Брюнья, выросшая без родительского прошлого, хранила к маме уважение. От того с колыбельных игрушек пошла в нее. Хребет вытянулся дрожащий, суховатый, скрипучий, и лишь крепкость и припухлость отца, словно броней, прикрывали жилы. Крупный, кругловатый выпяченный подбородок тоже перенял зерновую отцовскую породу по наследству, однако та смешалась с маминой остротой: жирок, натянутый на жестко вставшие кости, обвисал, придавая лицу Брюньи одутловатость. Брови лежали без изгиба, как положенные над глазами перья ястреба. Подвешенные на почтении, отношения с Астдёгг тянулись бельевой веревкой, связывающей их от ужина до ужина. Наивным ребенком, она ценила, что кто-то ставил перед ней обед, но все еще ждала от мамы заботы, знавшая, как холят и лелеят других девочек, – пиши Брюнья легенду, обязательно бы рассказала, что героине и мужа, и друзей, и занятие по душе выбрала мама, от большой любви и участливости. Пока же о подобном приходились робкие мечты, потому как Астдёгг, проста на принципы, повторялась: «Детям главное расти, росту главное – еда. Жрачка сварена, и хватит». Прибавляя, впрочем: «Сначала работу сделаешь, потом иди на четыре стороны». Она ведь и сама отпахивала себе защищенное от морозов и дождей место.
Денег в доме не водилось, спасало хозяйство. Так, скребли на полушубки да тапки. Раньше Брюнье удавалась урвать медяк на бусы, блестящие камешки с ниткой, которые на досуге, когда везло на свободный час, она могла собрать, а позже и оно, милое скромное увлечение, прекратилось. Мама хворала. Топил бы кто печь, покуда сама не умеет, та держалась за отца, а от эмоций, понабравшихся у рыбаков, закипала, не в силе с ними справиться: не звал замуж никакой моряк, Астдёгг печалилась, не чувствуя себя востребованной, и от униженности с каждым днем бледнела больше. Муж не вел с ней разговоров ни о бурях за окном, ни о болезнях, однако лекари-травницы тоже чего-то стоили, кровно нажитых. Он выкладывал.
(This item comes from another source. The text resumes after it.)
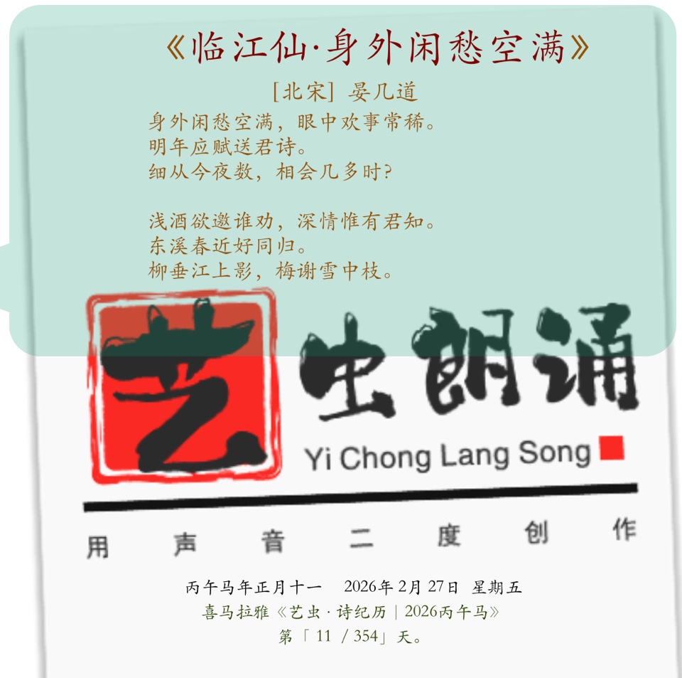 丙午马11.艺虫日读古诗词《临江仙·身外闲愁空满》 [北宋] 晏几道

Детям в укромных огородах Брюнья сочиняла сказки, коли не вышло плести браслеты-бусинки – это было дешевле. Разговоры их от мала до велика сходились на улове и здоровье скота, может, иногда кто байки про колдунов травил да нежить всяческую. На телегу не вспрыгнешь, не укатишься, привязанный к лошадям и колесам, падающим в дорожные выбоины. В селе мифов достаточно, а мест, где бы их отыскать, по пальцам пересчитываешь. Старые понтоны на разливе широкой спокойной реки, кое-как слепленные доски, полуразваленная заброшенная ферма, кусты на ягодных лугах, яблоки, бившие в садах и зарослях по голове. Бабка запрещала, мол, сюда-то не лезь, не ходи! Утащит моссакеринген под болотную кочку – сто богатырей за руки не вытянет, попляшешь к валькириям на пир. Болотница, по-простому. А на пирсе, там, трухля под ногами проваливается и проказный дух, ветте, обернулся в лягушачью шкуру, чтоб грызть древесину и сапог твой однажды проглотить. За круги костров в ночи не вылезай. Видишь, во-он, ветки растопырились, как на дыбы хвостами кошки встают? Это ногти, когти вёльвы-ведьмы, отросшие, растянутые, слоящиеся, – вспорет горло и утащит под клубни своих корней. Держи круг, пусть огненный свет на коленки падает и жжет штанины – всяко лучше, чем прожечь судьбу, хаживая в мертвецах у колдуньи. Страхи Брюнья песнь за песней слышала с детства, и все они повторялись от поколения до поколения. То бы не волновало, дружи с ней кто, кроме домашних кур, но сказки ей пришлось складывать самой, увлекая за собой расположение девочек.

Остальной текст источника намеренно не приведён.